:: Supplied material ::

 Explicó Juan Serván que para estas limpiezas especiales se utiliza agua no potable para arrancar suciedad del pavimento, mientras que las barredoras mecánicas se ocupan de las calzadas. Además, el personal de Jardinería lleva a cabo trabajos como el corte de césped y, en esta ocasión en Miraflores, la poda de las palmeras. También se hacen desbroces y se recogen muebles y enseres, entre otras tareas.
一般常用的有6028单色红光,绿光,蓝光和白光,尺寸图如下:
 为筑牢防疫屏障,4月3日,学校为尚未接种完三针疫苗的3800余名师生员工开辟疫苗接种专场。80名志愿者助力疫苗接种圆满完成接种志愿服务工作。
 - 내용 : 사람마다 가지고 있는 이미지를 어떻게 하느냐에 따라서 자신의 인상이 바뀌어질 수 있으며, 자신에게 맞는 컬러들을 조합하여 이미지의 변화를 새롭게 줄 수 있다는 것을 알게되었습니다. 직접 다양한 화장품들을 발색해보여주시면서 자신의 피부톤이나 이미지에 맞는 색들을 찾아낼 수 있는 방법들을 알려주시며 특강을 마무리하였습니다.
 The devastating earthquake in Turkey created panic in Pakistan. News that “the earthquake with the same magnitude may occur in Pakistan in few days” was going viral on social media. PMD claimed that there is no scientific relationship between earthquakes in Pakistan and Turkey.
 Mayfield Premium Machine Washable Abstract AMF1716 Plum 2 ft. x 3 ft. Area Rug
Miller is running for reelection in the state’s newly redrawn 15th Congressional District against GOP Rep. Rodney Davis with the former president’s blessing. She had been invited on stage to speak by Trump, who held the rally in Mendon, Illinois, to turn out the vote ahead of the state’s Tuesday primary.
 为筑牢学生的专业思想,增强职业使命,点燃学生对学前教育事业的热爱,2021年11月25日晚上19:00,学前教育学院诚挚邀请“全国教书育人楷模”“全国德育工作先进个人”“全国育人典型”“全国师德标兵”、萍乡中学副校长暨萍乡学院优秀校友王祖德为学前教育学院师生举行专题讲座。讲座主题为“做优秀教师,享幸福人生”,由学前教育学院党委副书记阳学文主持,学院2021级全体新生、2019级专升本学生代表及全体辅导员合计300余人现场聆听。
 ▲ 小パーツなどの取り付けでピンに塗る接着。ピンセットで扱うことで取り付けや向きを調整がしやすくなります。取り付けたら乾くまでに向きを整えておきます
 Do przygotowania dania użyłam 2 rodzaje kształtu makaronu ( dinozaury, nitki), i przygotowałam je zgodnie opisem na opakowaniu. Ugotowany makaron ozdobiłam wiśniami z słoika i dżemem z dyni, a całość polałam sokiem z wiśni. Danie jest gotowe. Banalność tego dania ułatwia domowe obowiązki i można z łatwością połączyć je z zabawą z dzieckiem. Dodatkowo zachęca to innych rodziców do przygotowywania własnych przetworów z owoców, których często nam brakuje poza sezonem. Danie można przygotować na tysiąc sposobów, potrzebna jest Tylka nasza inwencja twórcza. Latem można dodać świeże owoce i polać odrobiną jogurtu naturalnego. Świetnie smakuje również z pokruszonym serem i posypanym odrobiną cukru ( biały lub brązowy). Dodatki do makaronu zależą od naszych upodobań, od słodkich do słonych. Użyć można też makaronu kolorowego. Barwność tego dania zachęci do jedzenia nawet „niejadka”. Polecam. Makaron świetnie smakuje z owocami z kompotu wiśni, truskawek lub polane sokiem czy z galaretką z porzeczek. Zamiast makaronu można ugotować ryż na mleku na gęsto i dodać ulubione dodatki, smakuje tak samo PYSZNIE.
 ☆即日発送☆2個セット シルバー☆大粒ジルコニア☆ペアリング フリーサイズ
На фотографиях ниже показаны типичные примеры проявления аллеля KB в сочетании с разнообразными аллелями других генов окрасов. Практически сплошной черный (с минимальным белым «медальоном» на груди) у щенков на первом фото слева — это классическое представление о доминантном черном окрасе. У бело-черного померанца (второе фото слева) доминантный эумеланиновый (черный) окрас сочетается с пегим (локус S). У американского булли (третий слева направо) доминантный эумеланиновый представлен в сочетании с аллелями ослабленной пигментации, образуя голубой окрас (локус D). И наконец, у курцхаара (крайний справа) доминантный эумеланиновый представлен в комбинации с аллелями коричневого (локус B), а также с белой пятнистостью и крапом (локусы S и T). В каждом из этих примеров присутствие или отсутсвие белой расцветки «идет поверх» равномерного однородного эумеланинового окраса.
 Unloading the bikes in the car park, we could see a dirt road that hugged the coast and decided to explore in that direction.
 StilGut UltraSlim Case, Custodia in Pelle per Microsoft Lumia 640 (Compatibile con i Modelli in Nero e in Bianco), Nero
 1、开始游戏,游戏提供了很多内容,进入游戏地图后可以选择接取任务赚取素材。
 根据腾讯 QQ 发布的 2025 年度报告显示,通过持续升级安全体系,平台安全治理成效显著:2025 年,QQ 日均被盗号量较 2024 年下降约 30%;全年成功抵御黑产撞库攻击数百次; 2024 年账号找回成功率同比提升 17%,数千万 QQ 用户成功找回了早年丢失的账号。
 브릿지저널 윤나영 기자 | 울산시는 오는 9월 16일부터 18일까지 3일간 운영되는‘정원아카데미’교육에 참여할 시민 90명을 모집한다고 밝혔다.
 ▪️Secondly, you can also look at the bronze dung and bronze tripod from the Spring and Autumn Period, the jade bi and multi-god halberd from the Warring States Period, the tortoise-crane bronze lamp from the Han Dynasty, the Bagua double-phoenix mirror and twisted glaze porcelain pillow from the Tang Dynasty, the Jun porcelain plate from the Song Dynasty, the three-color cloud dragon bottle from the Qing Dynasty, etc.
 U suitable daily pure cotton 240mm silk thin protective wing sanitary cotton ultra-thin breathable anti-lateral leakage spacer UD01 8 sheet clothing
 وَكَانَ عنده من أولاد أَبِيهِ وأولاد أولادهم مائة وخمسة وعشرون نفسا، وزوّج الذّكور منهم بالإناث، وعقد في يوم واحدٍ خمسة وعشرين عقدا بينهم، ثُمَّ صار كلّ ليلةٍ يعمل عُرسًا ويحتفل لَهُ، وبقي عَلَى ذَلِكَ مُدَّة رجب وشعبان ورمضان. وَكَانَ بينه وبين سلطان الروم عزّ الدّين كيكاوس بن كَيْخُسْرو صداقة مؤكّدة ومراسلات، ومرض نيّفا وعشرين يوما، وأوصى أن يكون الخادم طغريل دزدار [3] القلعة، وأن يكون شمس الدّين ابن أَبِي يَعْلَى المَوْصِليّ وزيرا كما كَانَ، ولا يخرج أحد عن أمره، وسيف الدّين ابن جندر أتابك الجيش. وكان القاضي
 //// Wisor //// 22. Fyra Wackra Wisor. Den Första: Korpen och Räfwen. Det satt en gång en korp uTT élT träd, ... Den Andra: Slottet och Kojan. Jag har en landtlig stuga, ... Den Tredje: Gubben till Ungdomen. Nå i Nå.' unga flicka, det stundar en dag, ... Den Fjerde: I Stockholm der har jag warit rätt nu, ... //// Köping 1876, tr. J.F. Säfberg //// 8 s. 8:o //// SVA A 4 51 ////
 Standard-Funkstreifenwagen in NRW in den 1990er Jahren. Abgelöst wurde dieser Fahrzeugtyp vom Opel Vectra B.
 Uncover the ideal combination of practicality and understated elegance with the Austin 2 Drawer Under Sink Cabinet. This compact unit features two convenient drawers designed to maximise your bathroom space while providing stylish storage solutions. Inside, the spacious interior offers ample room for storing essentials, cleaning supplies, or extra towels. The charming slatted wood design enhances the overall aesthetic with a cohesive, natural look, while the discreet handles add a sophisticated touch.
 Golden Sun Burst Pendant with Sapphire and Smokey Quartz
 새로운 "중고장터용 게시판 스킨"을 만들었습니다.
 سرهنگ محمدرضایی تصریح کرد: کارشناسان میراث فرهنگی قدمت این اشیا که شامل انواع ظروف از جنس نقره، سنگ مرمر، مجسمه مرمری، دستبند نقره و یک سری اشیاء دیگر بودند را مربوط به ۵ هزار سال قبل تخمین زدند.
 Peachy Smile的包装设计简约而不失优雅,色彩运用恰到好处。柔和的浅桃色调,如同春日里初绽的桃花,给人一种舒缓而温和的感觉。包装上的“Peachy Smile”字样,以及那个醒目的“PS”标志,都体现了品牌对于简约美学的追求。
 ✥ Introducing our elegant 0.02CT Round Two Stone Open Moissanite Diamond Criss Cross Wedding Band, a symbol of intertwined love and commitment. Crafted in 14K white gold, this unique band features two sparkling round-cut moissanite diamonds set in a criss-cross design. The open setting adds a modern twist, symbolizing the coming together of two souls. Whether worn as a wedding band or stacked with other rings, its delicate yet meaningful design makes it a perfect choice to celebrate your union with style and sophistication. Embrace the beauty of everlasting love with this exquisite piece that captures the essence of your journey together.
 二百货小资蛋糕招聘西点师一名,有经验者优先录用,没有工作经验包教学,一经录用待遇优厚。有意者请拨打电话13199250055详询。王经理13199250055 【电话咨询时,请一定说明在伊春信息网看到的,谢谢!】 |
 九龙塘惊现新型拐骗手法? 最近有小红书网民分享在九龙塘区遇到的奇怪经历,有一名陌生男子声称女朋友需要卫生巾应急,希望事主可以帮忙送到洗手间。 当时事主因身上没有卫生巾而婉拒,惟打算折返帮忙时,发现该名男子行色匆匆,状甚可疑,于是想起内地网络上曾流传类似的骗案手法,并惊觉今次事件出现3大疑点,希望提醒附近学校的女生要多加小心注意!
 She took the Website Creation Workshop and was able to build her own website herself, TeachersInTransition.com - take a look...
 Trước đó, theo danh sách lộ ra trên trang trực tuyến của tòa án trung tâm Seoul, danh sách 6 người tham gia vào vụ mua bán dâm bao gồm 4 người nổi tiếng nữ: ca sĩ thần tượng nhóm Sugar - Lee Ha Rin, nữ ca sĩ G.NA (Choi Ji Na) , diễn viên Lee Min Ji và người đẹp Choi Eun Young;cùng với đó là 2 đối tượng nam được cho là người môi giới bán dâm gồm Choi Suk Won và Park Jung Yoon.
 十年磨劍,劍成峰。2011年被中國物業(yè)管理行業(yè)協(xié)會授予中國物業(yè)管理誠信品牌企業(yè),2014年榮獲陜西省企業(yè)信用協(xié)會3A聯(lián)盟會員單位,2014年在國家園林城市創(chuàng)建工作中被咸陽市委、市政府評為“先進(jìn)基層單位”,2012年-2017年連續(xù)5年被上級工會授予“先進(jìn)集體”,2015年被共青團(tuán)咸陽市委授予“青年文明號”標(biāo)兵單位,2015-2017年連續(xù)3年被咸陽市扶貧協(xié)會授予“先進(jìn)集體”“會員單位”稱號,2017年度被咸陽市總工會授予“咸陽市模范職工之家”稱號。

:::

- **Exercise brief**: What lines above contain the string "features"? Copy all of them.

- **Task result**:
 Uncover the ideal combination of practicality and understated elegance with the Austin 2 Drawer Under Sink Cabinet. This compact unit features two convenient drawers designed to maximise your bathroom space while providing stylish storage solutions. Inside, the spacious interior offers ample room for storing essentials, cleaning supplies, or extra towels. The charming slatted wood design enhances the overall aesthetic with a cohesive, natural look, while the discreet handles add a sophisticated touch.
 ✥ Introducing our elegant 0.02CT Round Two Stone Open Moissanite Diamond Criss Cross Wedding Band, a symbol of intertwined love and commitment. Crafted in 14K white gold, this unique band features two sparkling round-cut moissanite diamonds set in a criss-cross design. The open setting adds a modern twist, symbolizing the coming together of two souls. Whether worn as a wedding band or stacked with other rings, its delicate yet meaningful design makes it a perfect choice to celebrate your union with style and sophistication. Embrace the beauty of everlasting love with this exquisite piece that captures the essence of your journey together.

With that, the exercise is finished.